I often think about the type of character Chris Mcandles is and am sure that there are many other young men and women like him. He is certainly not alone in his need to escape. Guy Grieve talks about his more recent experience in the wilderness of Alaska:

Three years ago I took my life into my own hands and travelled into one of
the most remote wilderness regions on earth with the intention of living there
for one year. For some time my family and I had been trapped within an all-too
common scenario, living separate lives while I commuted hundreds of miles each
week to a job I hated, in order to pay a mortgage for a house that we could not
afford. Our family life was crammed into the weekends, and was fraught with the
tension of pretending we were happy, when in fact we were screaming for escape.

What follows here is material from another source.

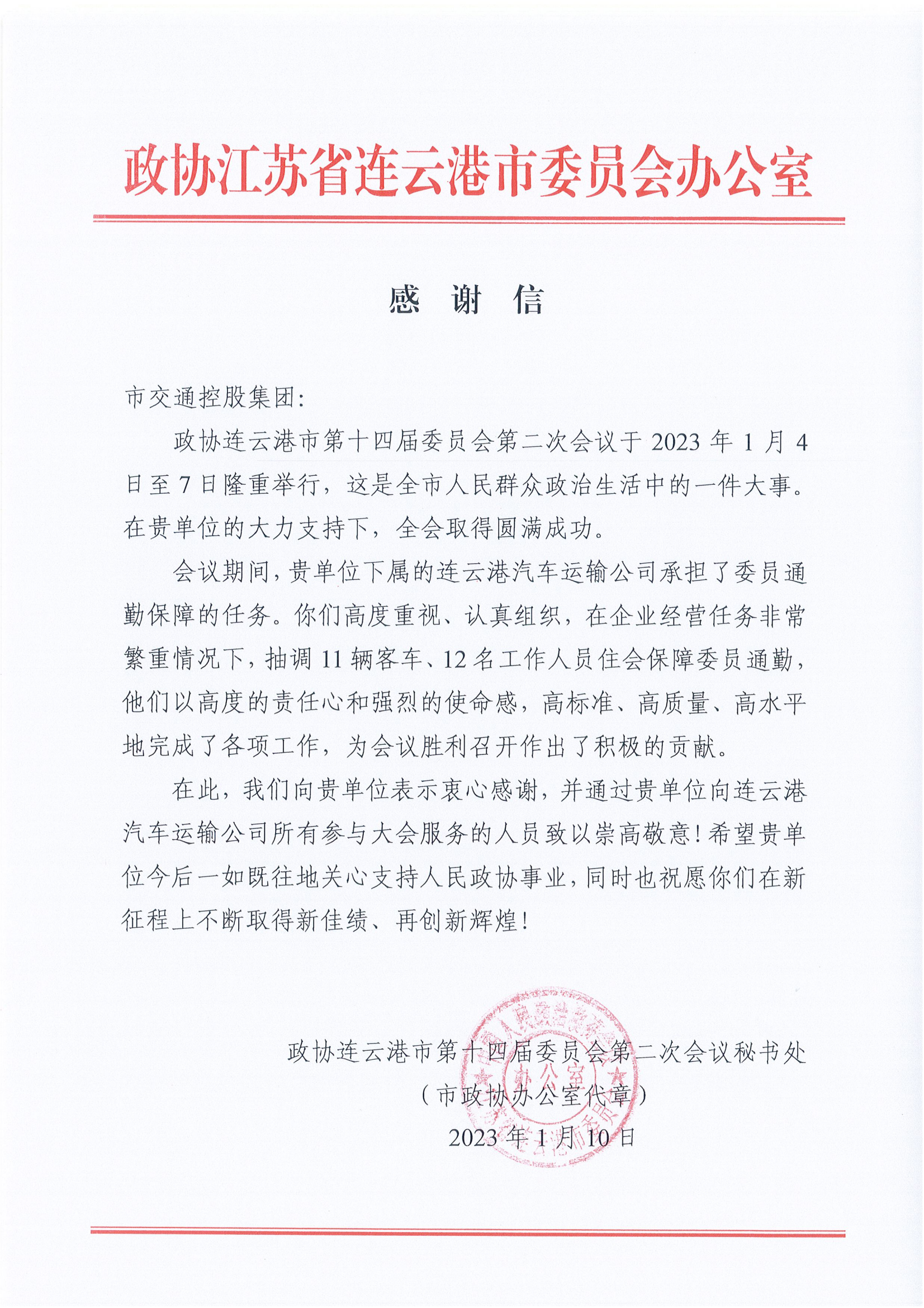 近日,從市交通控股集團(tuán)獲悉,政協(xié)連云港市第十四屆委員會第二次會議秘書處發(fā)來感謝信,對汽車公司在第十四屆委員會第二次會議中的交通保障工作表示衷心感謝,對公司所有參與大會服務(wù)的人員致以崇高的敬意。
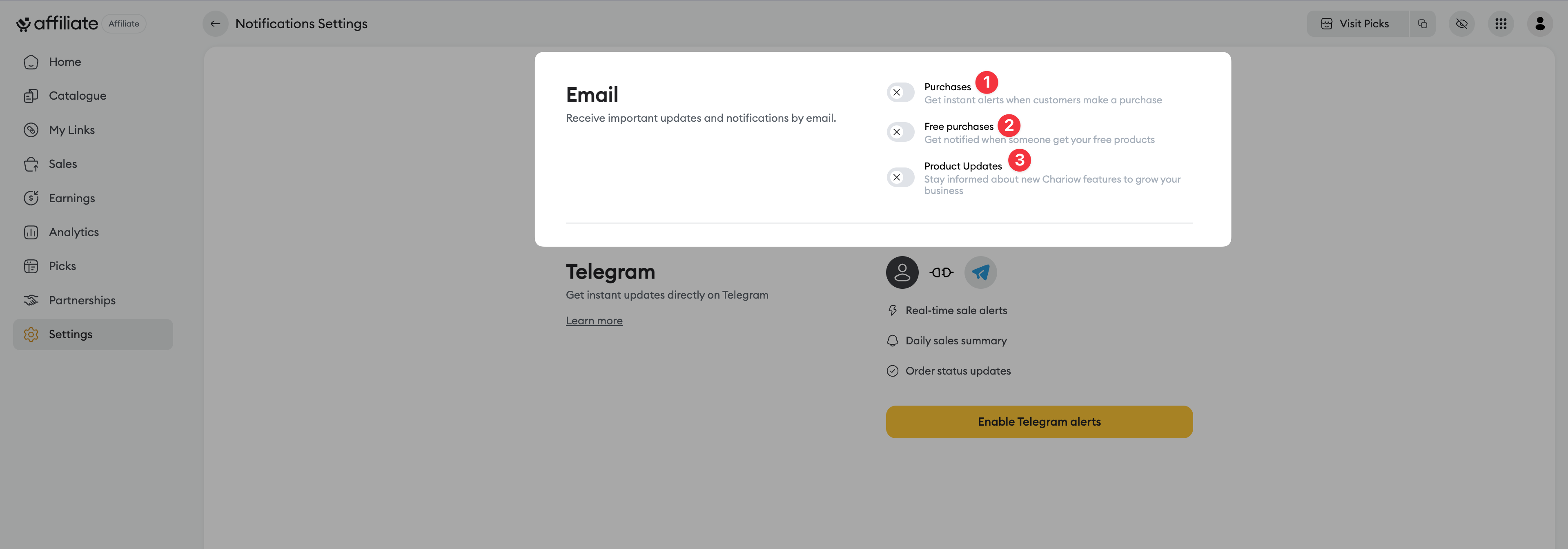 If you want to receive real-time alerts for other events (like real-time sales alerts or daily summaries), you can also set up Telegram notifications on this same page. Check out this article to do it: link

Through the week, I only ever saw my children asleep, as I left before they got
up and returned after they were in bed. On a good night, if the traffic wasn't
bad, I might just fit in a bedtime story. Then Juliet and I would cram down a
meal together before we collapsed into bed, ready to start the routine all over
again the next day.

Also, have you seen Will Smith in the film I am Legend? This is the third film of this story by Richard Matheson (1954) the last being the The Omega Man with Charlton Heston (1971). The story is basically the same; an individual survives against all odds. There is violence and there is lonliness. This is a film that revisits our darkest fears and basic strengths, as with 'Into the wild and Chris Mcandles'. It is not back to nature but it is a film about being lonely 'it's all about the unsettling silence, not the noise'. The type of silence Mcandles would have been comfortable with.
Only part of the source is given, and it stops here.